Asynchronous function: Close the Algolia client.

        
# Closes the async Algolia client, freeing up network resources.
# Uses await because closing is also asynchronous.
    await client.close()
    print("Algolia client closed. Indexing complete.")

Asynchronous function: Add main function.

        
# This block ensures the script only runs when executed directly
# (not when imported as a module into another script).
if __name__ == "__main__":
    # Import asyncio here again (even though imported earlier) so this block is self-contained.
    import asyncio

    # Print a message to indicate the script is starting execution.
    print("Starting async indexer...")

    # Run the async `run()` function inside Python's event loop.
    # This triggers the indexing process defined above.
    asyncio.run(run())


    

Creating the View

For your search app view, 1 view needs to be defined that takes the search query and directs to the results page. We will need a check for if there is a query and if so, connect to the Algolia client with our app ID and search key, then create and return a list of results that will be passed to the context in order to display them on the rendered results page.

        
from django.shortcuts import render
# Import settings to access our APP ID and search keys
from django.conf import settings
# Import the synchronous Algolia search client to connect to our index
from algoliasearch.search.client import SearchClientSync

def search_view(request):
    # Extract the query parameter 'q' from the GET request.
    # request.GET is a dictionary-like object for URL query params (?q=html).
    # If 'q' is missing, default to an empty string ("").
    query = request.GET.get("q", "")
    # Initialise the results list
    results = []

	# Run the search if there is a query
    if query:

        try:
            # Initialize Algolia client with the APP ID and the search key
            client = SearchClientSync(settings.ALGOLIA_APP_ID, settings.ALGOLIA_SEARCH_KEY)

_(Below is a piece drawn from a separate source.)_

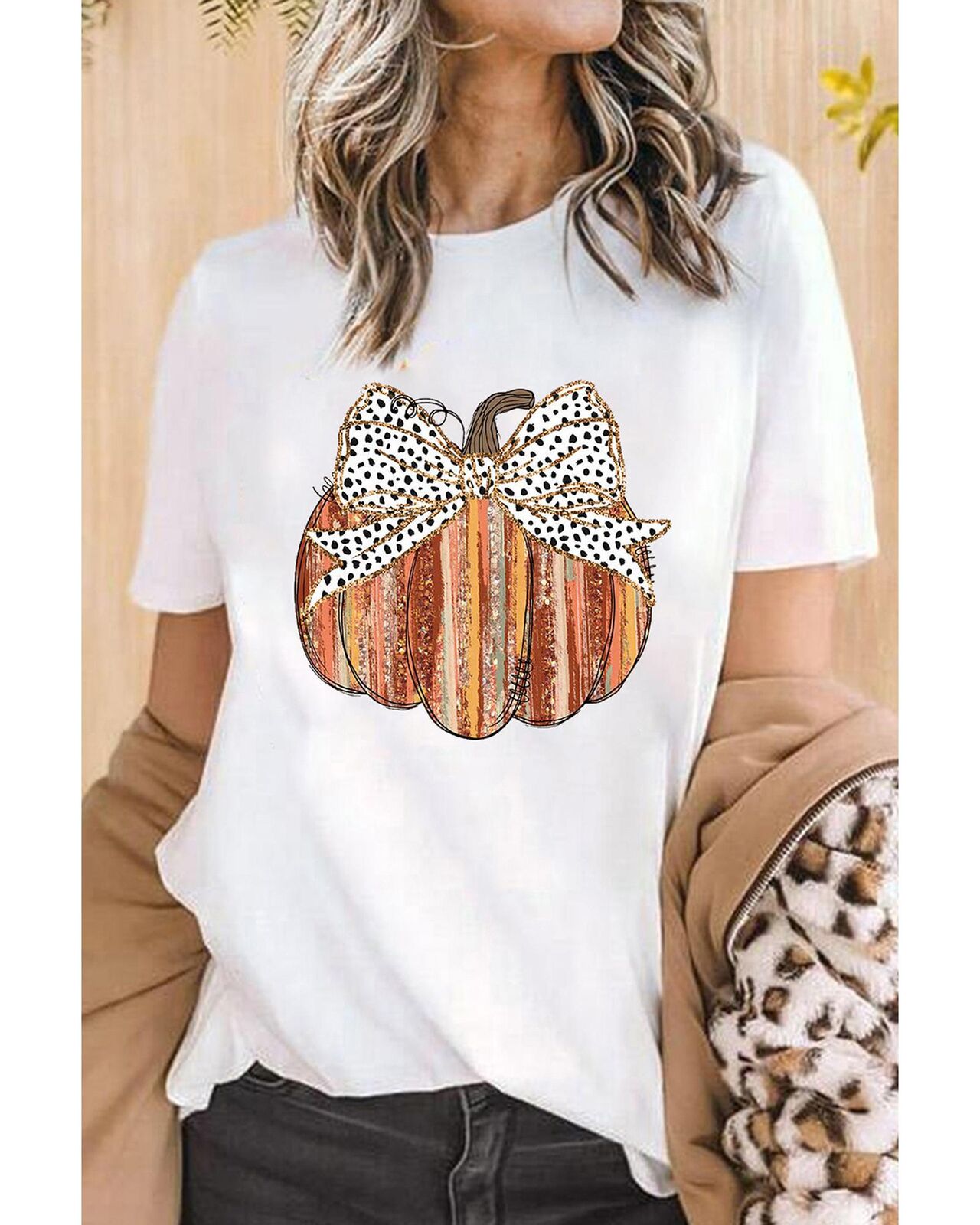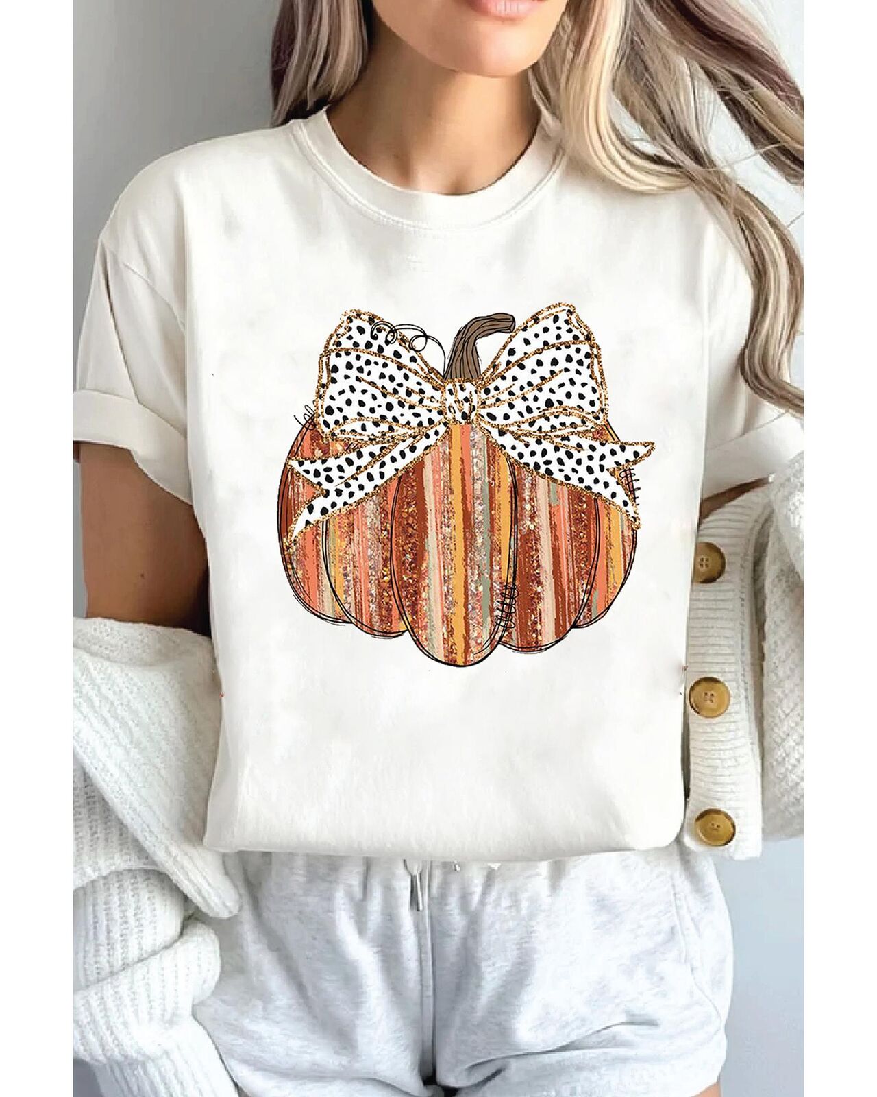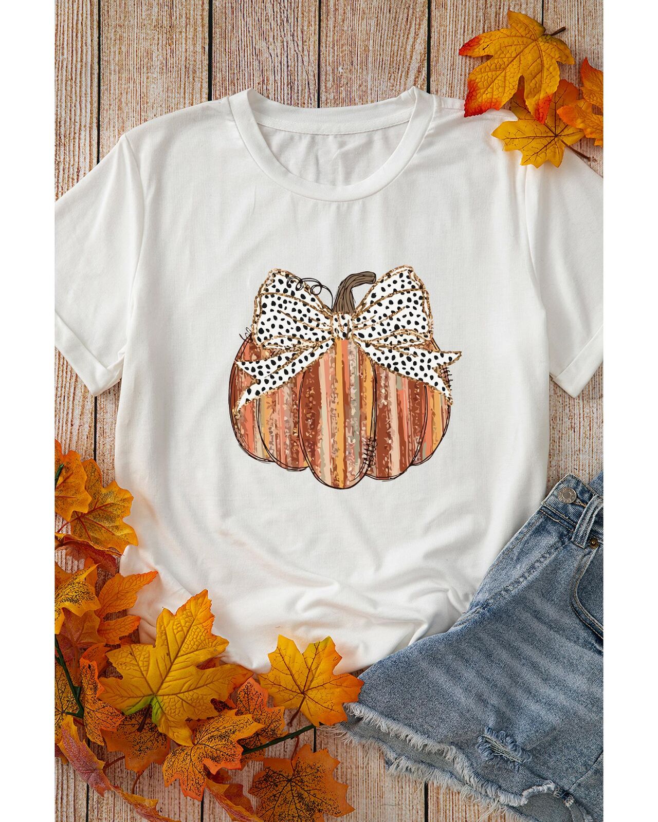 • shirt with bow knot and pumpkin print

            # Perform the search
            # First argument is the index name ("webdevgrad_pages").
            # Second is a dictionary of search parameters (here: just the query string).
            res = client.search_single_index(
                "webdevgrad_pages",
                {
                    "query": query,
                }
            )

            # Get the hits (results)
            results = res.hits

        except Exception as e:
            # Optional: log error for debugging
            print("Algolia search error:", e)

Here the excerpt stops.